そして、ヘッドの後方が低いシャローバック形状なので、インパクト付近でアッパーにスウィングしやすいイメージがあり、また、FP値(フェースプログレッション)は「大きく」、リアルロフトもしっかり付いているので、球が上がりやすいイメージも出ています。

画像: 【試打クラブスペック】●ロフト角/10.5度 ●ライ角/58.0度 ●価格(税込)/9万2400円 ※すべてメーカー公表値

【試打クラブスペック】●ロフト角/10.5度 ●ライ角/58.0度 ●価格(税込)/9万2400円 ※すべてメーカー公表値

試打クラブは10.5度で標準TENSEIのTR50Sシャフト仕様でしたが、シャフトは軟らかめの設定でした。この感じからすると、ヘッドスピードが40〜42m/sくらいの方でも扱えそうです。

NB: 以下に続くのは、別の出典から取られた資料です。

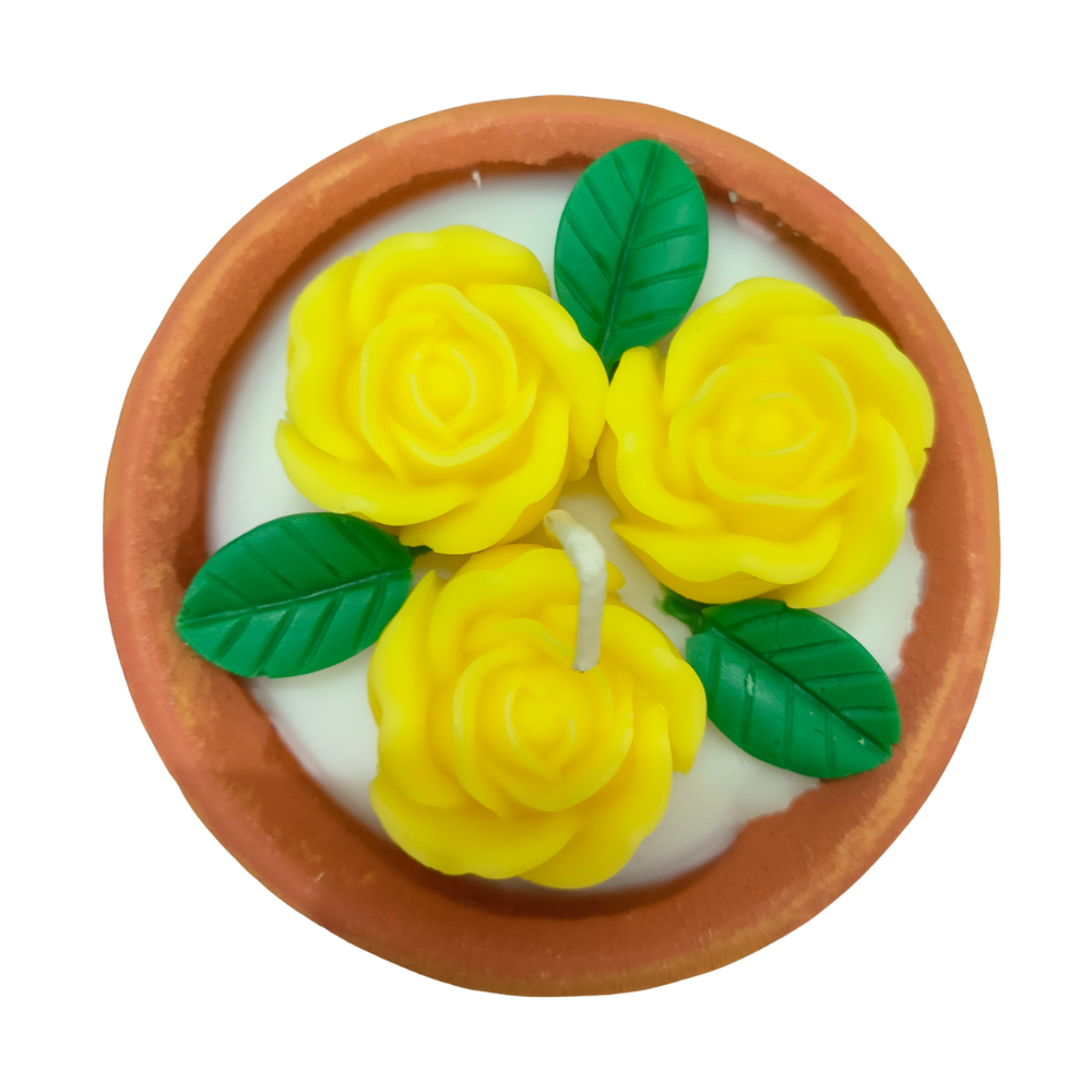 Transform your living space with the timeless beauty of the Rose Flower With Bowl Candle. Encased in a hand-crafted terracotta bowl, this candle is more than just a lighting accessory—it’s a piece of art. The delicate rose flower with lifelike leafy details adds a touch of nature-inspired charm, making it a captivating décor item for any room in your home.
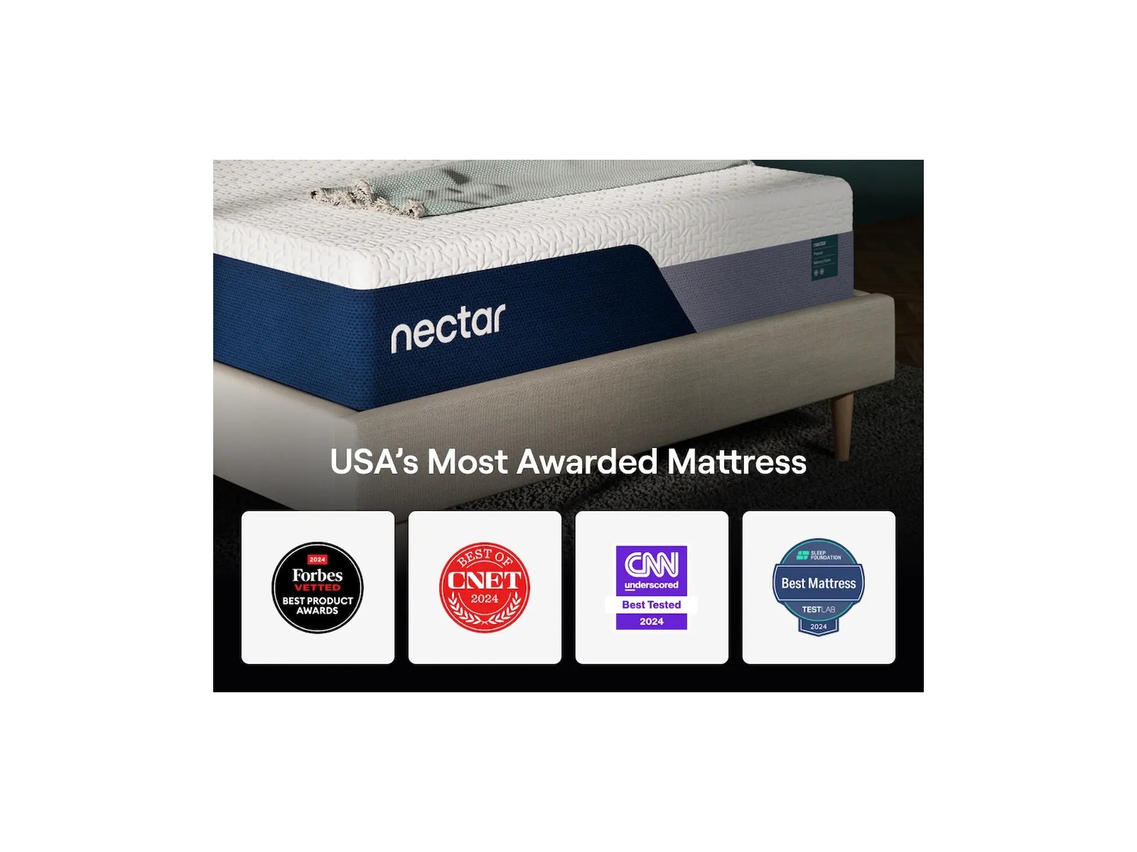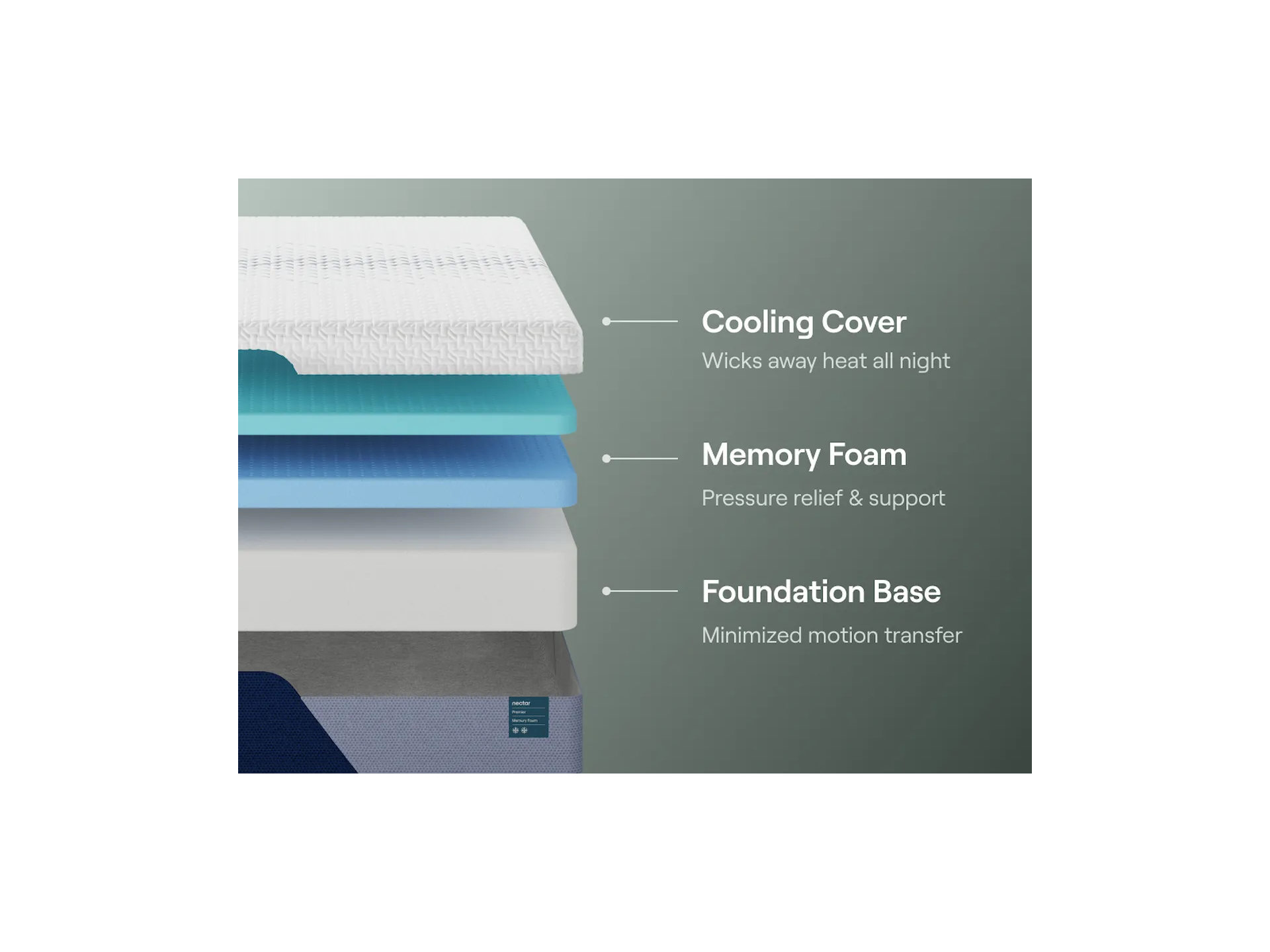 Meet the award-winning Nectar—the better mattress for better mornings. With multiple unique layers of sweet comfort and support, the Nectar Premier Memory Foam 5.1 queen mattress ensures a refreshing rest. The breathable extra cooling cover, therapeutic memory foam and support foams work together to keep you cool, cradle your body and minimize motion transfer. It’s love at first sleep.

ヘッドの重心位置もオーソドックスで、重心距離は長すぎず、重心深度も深すぎないので、明らかに「VD/X」のような大慣性モーメントを狙ったヘッドではないことがわかります。

また、ソール面にはフェースからバック方向にスライド式のウェイトがあり、その位置によりバックスピン量の増減や弾道の高低を調整することが出来るのが特徴です。スライドウェイトの真ん中「ニュートラル」の位置では、適度なスピンも入って弾道が安定しやすく、比較的高いストレート系弾道が打ちやすい感じでした。「VD/R」、「VD/M」、「VD/X」の3つのモデルの中では、インパクト音は「かなり高め」の軽い感じになっています。

「VD/M」はオーソドックスなスクエアフェースで構えやすく、かつヘッドのネック軸回りの慣性モーメントも小さく、操作性の良いヘッドです。球をつかまえられ、上がりやすいので、「やや小さめ」の左右方向のヘッド慣性モーメントの数値イメージよりも、全体としてやさしく打てる印象です。